You never know where your best wine moment of the year is going to come from. This year it came from a sea of 1041 chardonnay wines, which is the number of chardonnays that we tasted for the current edition of the Halliday Wine Companion.
The 17 best of these chardonnays were sent to our annual Awards judging, and there we tasted them blind. Chardonnay is arguably the variety that Australia does best, and so any one of these 17 wines could have won our Chardonnay of the Year gong; it became a matter of trying to split superb wine from superb wine.
Spreadsheets are rarely the hero of any story, but the spreadsheet of voting results from this chardonnay taste-off is fascinating. The spreadsheet records all the scores from all the tasters, including my own. Because the chardonnay bracket was so strong, we whittled the 17 wines down to seven, and then tasted these wines (blind) again. From these seven we selected three, which we tasted for a third time (also blind).
There were 1041 chardonnay wines tasted for the 2024 Companion.
So at no stage did we know which wines we were tasting. In the first round of tasting I had the Hoddles Creek 1er Chardonnay 2021 as my most preferred wine. This wine had enough support from the other tasters to make it through to the second round, and indeed it made it through to the final three as well. The other two wines in the final round were Seville Estate Chardonnay 2022, and Landaire at Padthaway Estate Chardonnay 2021.
Spreadsheets are rarely the hero of any story, but the spreadsheet of voting results from this chardonnay taste-off is fascinating.

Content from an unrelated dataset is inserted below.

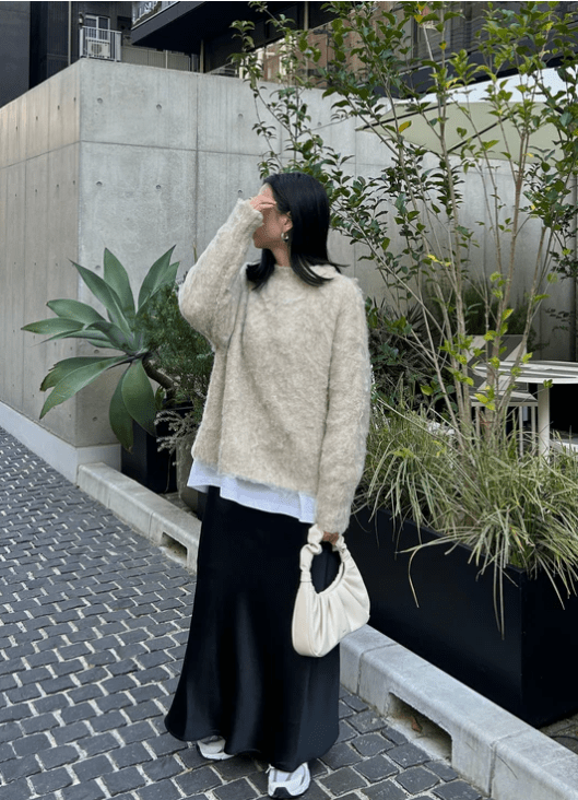 写真のグレーカラーニットと、白スカートの組み合わせが最強に可愛いと思いました!

Padthaway is a quality Australian wine region, excellent for both white and red wines, though it’s generally considered that chardonnay is what it does best. Even so, in 2023, when pitted against the best of Margaret River, the Yarra Valley, Beechworth and Tasmania (among other regions), it’s not unfair to award it underdog status. Indeed these days Padthaway simply, often, doesn’t get the recognition it deserves.

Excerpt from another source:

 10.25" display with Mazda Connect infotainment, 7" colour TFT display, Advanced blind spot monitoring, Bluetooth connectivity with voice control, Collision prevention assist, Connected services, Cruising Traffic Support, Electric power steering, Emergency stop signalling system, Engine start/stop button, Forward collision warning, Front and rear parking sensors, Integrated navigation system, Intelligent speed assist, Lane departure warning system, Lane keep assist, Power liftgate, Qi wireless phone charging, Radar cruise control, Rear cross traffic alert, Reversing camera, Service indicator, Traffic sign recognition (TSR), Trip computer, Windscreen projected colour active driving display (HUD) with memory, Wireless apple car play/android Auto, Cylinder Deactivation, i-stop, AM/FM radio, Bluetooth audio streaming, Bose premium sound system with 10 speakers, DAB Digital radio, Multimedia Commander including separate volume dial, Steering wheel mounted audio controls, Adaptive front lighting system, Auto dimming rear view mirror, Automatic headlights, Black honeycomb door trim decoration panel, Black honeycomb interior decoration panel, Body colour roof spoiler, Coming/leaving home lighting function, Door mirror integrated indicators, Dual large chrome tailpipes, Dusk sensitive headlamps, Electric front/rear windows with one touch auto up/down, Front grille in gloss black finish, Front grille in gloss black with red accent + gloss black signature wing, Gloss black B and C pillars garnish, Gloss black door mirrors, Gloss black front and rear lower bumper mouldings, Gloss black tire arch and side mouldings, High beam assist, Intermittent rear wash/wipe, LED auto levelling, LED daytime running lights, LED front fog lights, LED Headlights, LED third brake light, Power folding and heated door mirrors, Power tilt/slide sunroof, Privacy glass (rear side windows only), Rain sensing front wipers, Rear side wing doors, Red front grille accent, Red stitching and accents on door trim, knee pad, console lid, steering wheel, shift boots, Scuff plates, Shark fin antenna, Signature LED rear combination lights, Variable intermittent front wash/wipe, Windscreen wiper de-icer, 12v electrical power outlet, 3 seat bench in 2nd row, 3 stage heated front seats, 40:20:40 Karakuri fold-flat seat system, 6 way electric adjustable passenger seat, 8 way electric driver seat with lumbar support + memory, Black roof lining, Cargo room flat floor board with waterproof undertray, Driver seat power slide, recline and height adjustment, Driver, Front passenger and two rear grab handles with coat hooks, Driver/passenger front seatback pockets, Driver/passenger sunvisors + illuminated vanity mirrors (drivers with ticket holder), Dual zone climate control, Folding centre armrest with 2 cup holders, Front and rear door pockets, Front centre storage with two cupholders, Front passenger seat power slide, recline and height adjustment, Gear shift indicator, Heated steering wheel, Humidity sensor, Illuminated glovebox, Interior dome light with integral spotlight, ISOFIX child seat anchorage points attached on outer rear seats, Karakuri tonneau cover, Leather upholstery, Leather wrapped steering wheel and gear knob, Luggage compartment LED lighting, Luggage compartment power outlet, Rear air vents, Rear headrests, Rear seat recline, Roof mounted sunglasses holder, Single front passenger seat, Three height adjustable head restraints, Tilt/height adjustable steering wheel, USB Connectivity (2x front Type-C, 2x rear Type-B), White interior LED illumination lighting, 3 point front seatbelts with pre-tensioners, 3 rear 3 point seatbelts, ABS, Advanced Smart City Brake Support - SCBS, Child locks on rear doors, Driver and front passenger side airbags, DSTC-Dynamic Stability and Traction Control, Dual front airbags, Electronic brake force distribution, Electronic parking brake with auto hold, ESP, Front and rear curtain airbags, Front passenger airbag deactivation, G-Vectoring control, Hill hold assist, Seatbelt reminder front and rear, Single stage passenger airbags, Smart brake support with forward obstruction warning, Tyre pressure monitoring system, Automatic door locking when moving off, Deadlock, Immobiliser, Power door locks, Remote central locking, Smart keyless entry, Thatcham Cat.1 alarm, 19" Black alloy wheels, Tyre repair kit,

Padthaway is one of the regions that I cover for the Companion, and so it was me who had put this Landaire wine into the Awards judging line-up in the first place. Ironically though, in no stage during the first or second round of voting did I put it forward, and so if it had been up to me, it wouldn’t have made it through to the third and final round.
The Padthaway chardonnay took home Chardonnay of the Year and White Wine of the Year at the 2024 Awards.
By the time it got to that final round though, time had passed. Other panel members were obviously onto it already, but for me, it was only once the wine had had this extra time to breathe, and to open up, that its beauty really shone through. The only time I voted for the Landaire was right at the end, by which stage it had become the runaway victor.
When its identity was revealed – that was my best wine moment of the year. It was a giant killing moment. It was against the odds. It was a moment of which both Padthaway Estate and the Padthaway region should feel immensely proud. A Padthaway chardonnay had become our Chardonnay of the Year.
And not only that – I particularly love this moment because it speaks, in microcosm, to the beauty of Australian wine. We make great wine in this country, as we all know, but just as importantly: it can come from anywhere. There’s no pre-ordained hierarchy, it doesn’t matter what the label says or how much it costs or who made it or where it’s from, everyone has an equal chance.